- [Task description] Leave out the pictures and retype, exactly, the lines below from the line with "Protection Thin Top" up to and including the line with "我们一起来学习2014年《税", nothing more.

(Data to process begins)

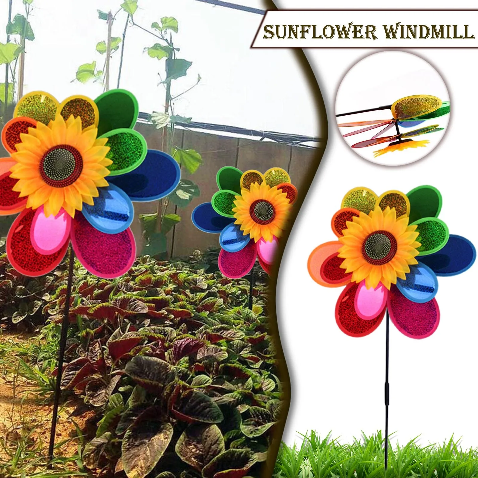 Színes Kettős Rétegű, Flitteres Napraforgó Szélű Fonók Szélmalom Gardineria Dekoracion A Kerthez És
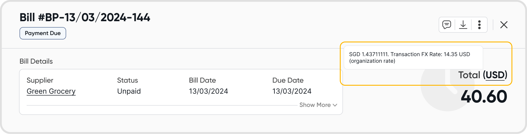 Hover on the currency ISO to show the exchange rate used for the bill, relative to the base currency.
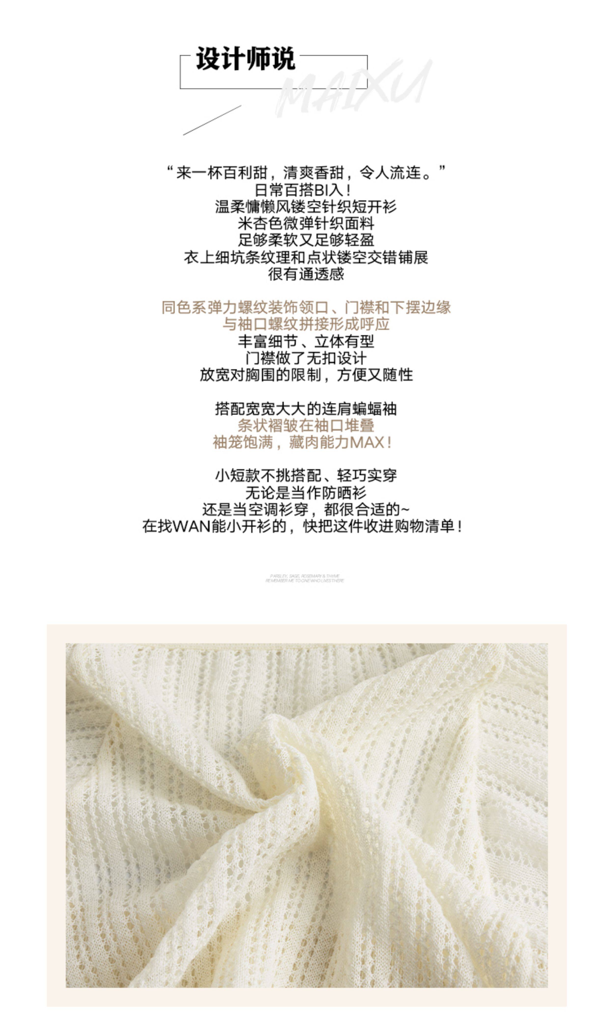 Macy's "Baileys" French-Style Versatile Batwing Sleeve Ice Silk Knit Hollow-Out Cardigan for Women, Summer Short Sun Protection Thin Top
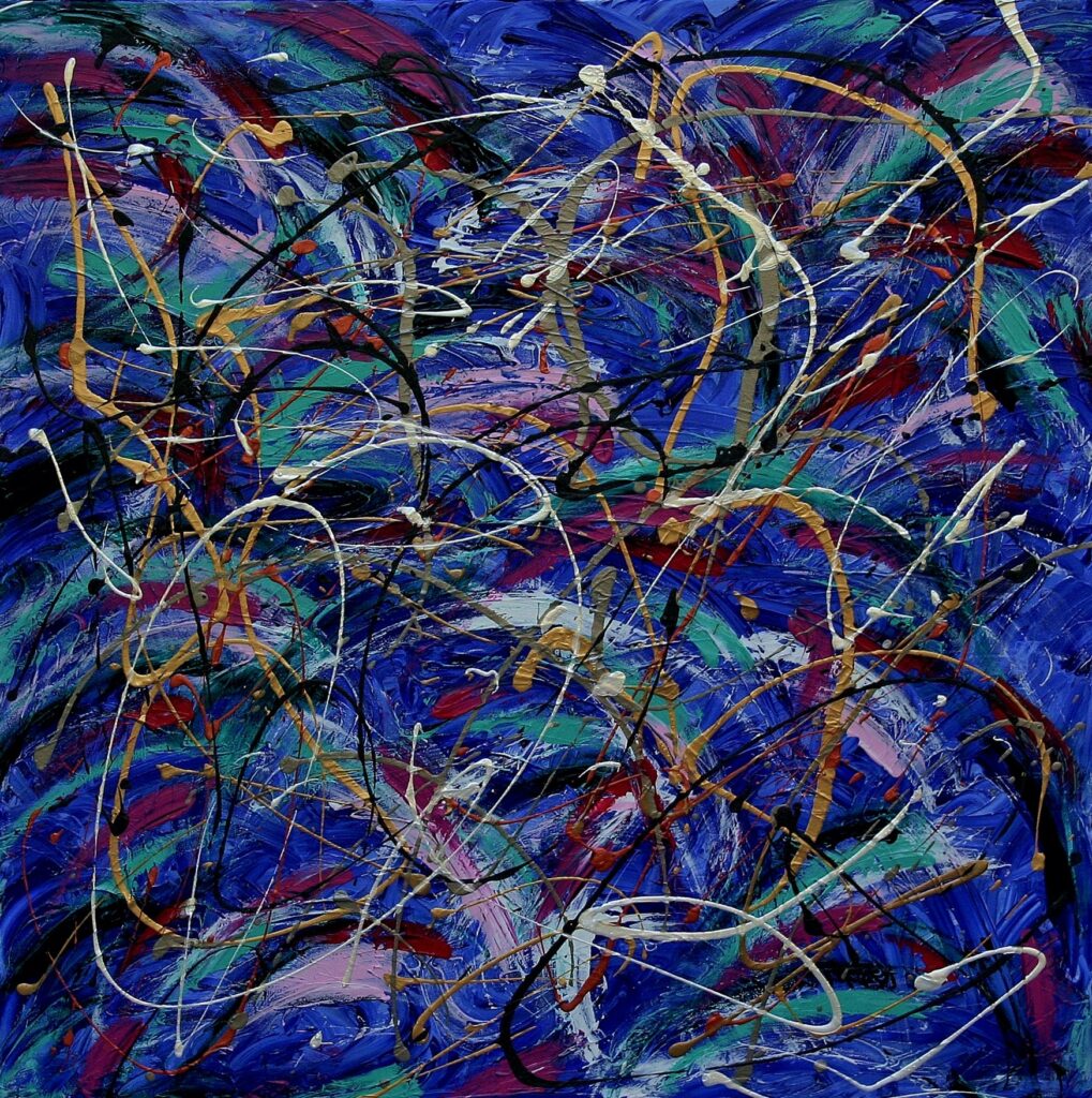 Gwen Tooth, Indian Ocean Variations #9, acrylic on canvas, 36 x 36 x 1.5 inches
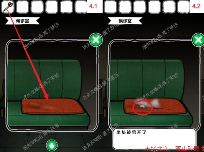 1.从接待处向右两次到达候诊室,点击沙发左侧垫子,获得钥匙(如图1.1、1.2)。
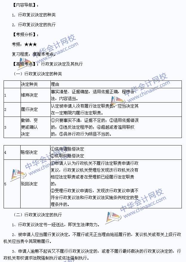 我们一起来学习2014年《税收相关法律》高频考点:行政复议决定及其执行。本考点属于《税收相关法律》第一篇第五章行政复议法律制度第五节行政复议程序的内容。
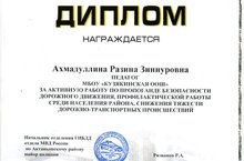 Тәрбия эшләре буенча директор урынбасары Ахмадуллина Р.З. юл йөрү кагыйдәләре буенча актив эшчәнлеге өчен Актаныш районы дәүләт бюджет учреждениесе "Юл йөрү куркынычсызлыгы" нан диплом һәм GPS-сәгать белән бүләкләнде. Котлыйбыз!!!. Киләчәк тә дә уңышлар телибез.

(Data to process ends)

- [Answer space]
 Macy's "Baileys" French-Style Versatile Batwing Sleeve Ice Silk Knit Hollow-Out Cardigan for Women, Summer Short Sun Protection Thin Top
 Gwen Tooth, Indian Ocean Variations #9, acrylic on canvas, 36 x 36 x 1.5 inches
 1.从接待处向右两次到达候诊室,点击沙发左侧垫子,获得钥匙(如图1.1、1.2)。
 我们一起来学习2014年《税收相关法律》高频考点:行政复议决定及其执行。本考点属于《税收相关法律》第一篇第五章行政复议法律制度第五节行政复议程序的内容。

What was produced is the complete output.